Before starting the next read operation cycle, in response to a precharge command, the chip select signal *CS and the write enable signal *WE become low. Also, based on the address signal A11, the bank A is selected, and each data line of the bank A is precharged. When read operation is to be performed continuously, a next X address XA1 is selected based on the address signal A10 and the address signals ADD, and a next Y address YA1 is selected based on the address signals ADD. Then, operation cycles similar to those mentioned above with respect to the X address XA0 and Y address YA0 are repeated.

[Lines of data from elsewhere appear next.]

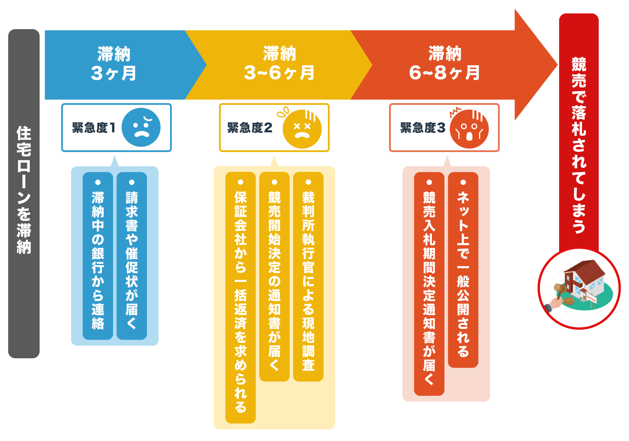 住宅ローンを滞納すると、ご相談者さまがローンを分割で返済する権利(期限の利益)が失われてしまい、金融機関は住宅ローンの一括返済を要求してきます。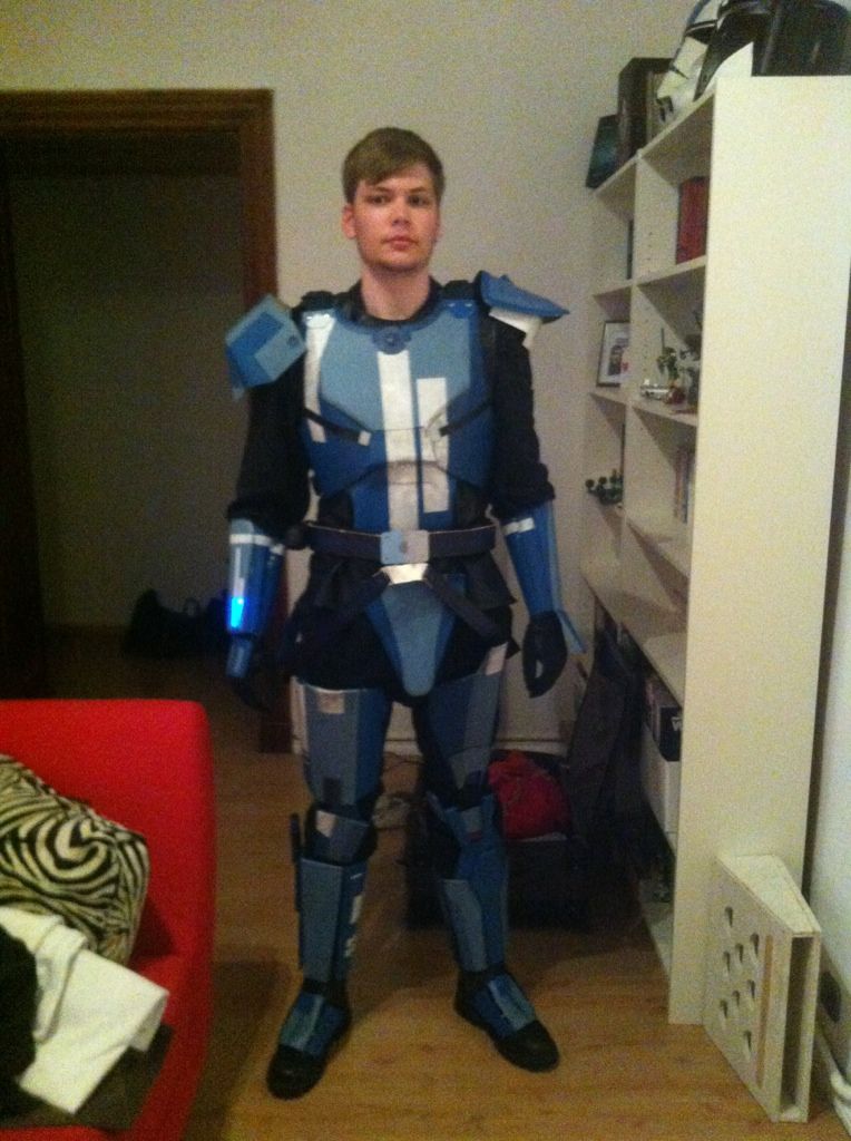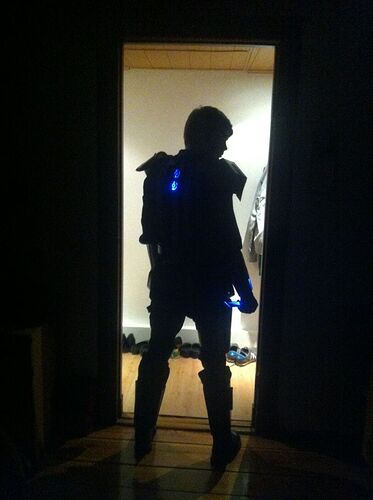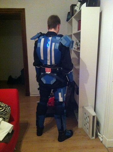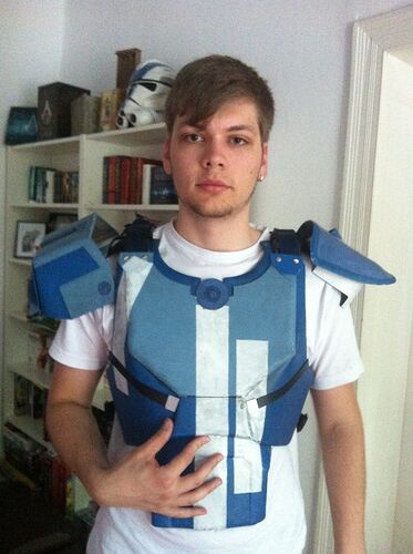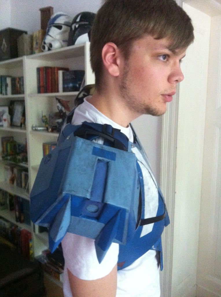 So, die Schultern sind auch dran. Einfache Klettbandkonstruktion (neuer Lieblingsbaustoff :whistling: ), ist im Abstand zum Kopf voll variabel (etwa 5cm zu beiden Seiten Spielraum an allen Riemen)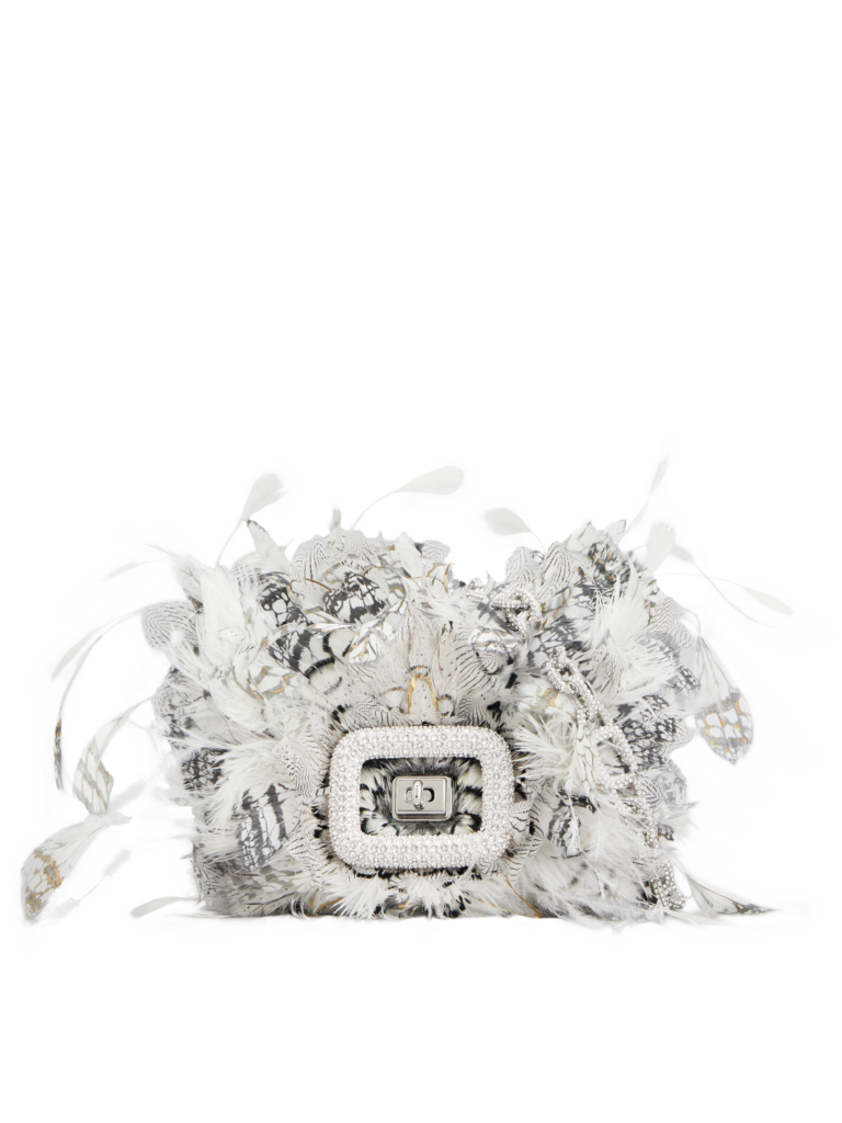 - APOLLO : Ce sac célèbre l’art du plumassier avec des plumes appliquées à la main, créant une mosaïque blanche immaculée.

As mentioned above, even in a SDRAM device having a bank structure, it was impossible to continuously perform write or read operation to or from addresses within the same bank, when write or read cycles continue. Similarly, in a DRAM device which does not have a bank structure, it was impossible to continuously perform write or read operation when write or read cycles continue.
If it is possible, in a DRAM device or in the same bank of a SDRAM device, to continuously perform write or read operation when write or read cycles continue, ability of a memory device can be enhanced and operation speed thereof can be greatly improved. However, such continuous write or read operation was impossible in a conventional DRAM device.